Ultrathin single-ion sieving membrane with sub-1-nm channels for suppressing Li dendrite growth and polysulfide shuttling

Abstract

Selectively regulating ion migration at the subnanometre scale is a paramount approach to inhibit polysulfide shuttling and suppress Li dendrite growth in lithium–sulfur batteries, but state-of-the-art approaches lack the capacity to selectively separate Li⁺ ions from Li⁺–PS⁻ ion pairs.

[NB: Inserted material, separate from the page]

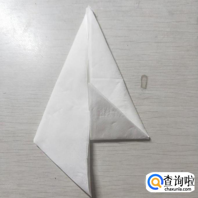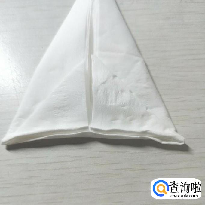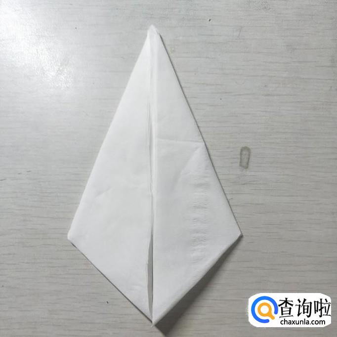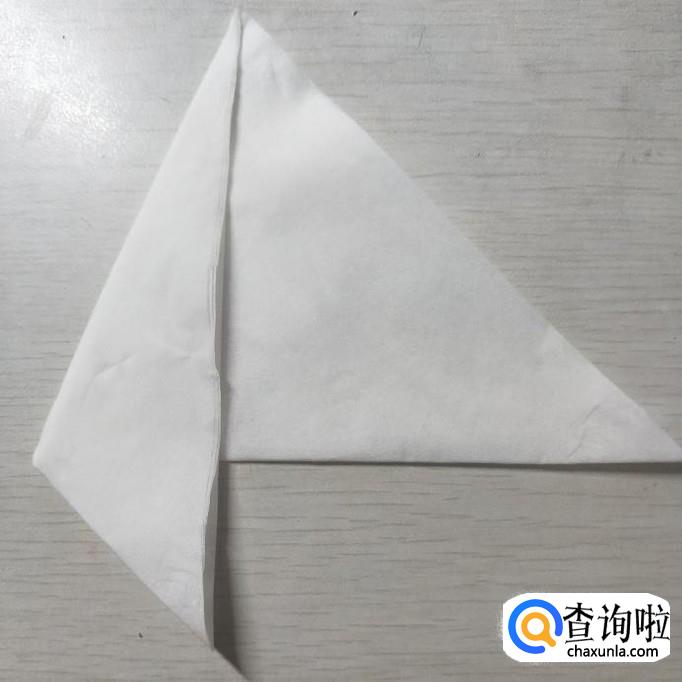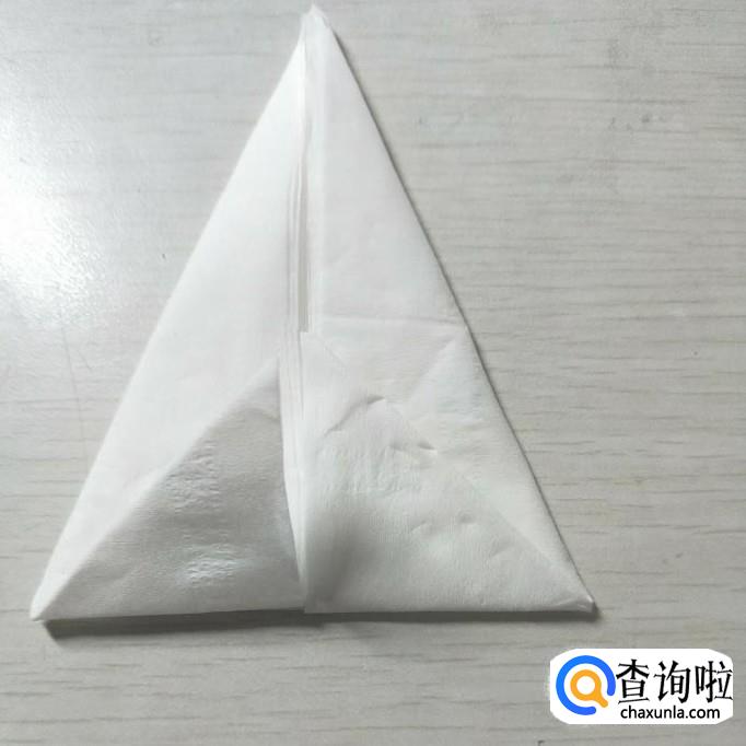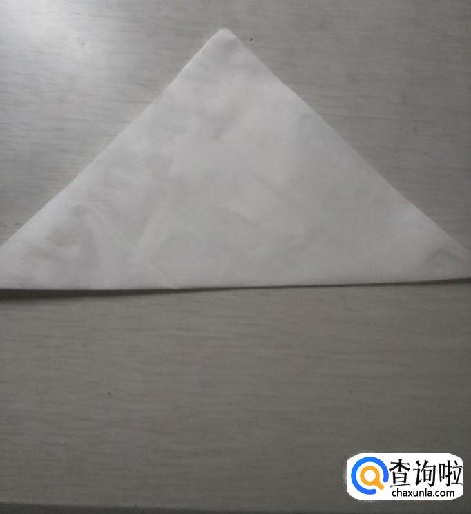 将对折后多出来的三角形向上翻折,此时我们的手帕已经成了一个等腰三角形

Herein, inspired by the selectivity of biological ion channels, we constructed a single-ion sieving membrane allowing highly selective migration of Li⁺ ions by synergizing the size effect of sub-1-nm channels of stacked graphene oxide (GO) with the charge effect of negatively charged polydopamine (PDA) molecules located in between. Other than precisely tuning the channel size, PDA is demonstrated to promote the desolvation of Li⁺ ions, enlarge the migration energy barriers between Li⁺ and PS⁻, and therefore improve Li⁺-ion selectivity. Furthermore, the strong covalent bonding between PDA molecules and GO nanosheets fixes channel sizes, ensuring exceptional anti-swelling stability in organic electrolytes. Considering the ultra-thin thickness (60 nm), negligible inactive weight is introduced, outrivaling previous reports. Combining these merits, we achieved dendrite-free Li plating/stripping with ultralong-term reversibility for 4800 h in Li||Li cells and remarkable cyclability for more than 400 cycles with an energy density of 378 W h kg⁻¹ in Li||S pouch cells. Our biomimetic subnanoscale ion-sieving membrane opens an avenue for precise regulation of ion transport in various batteries.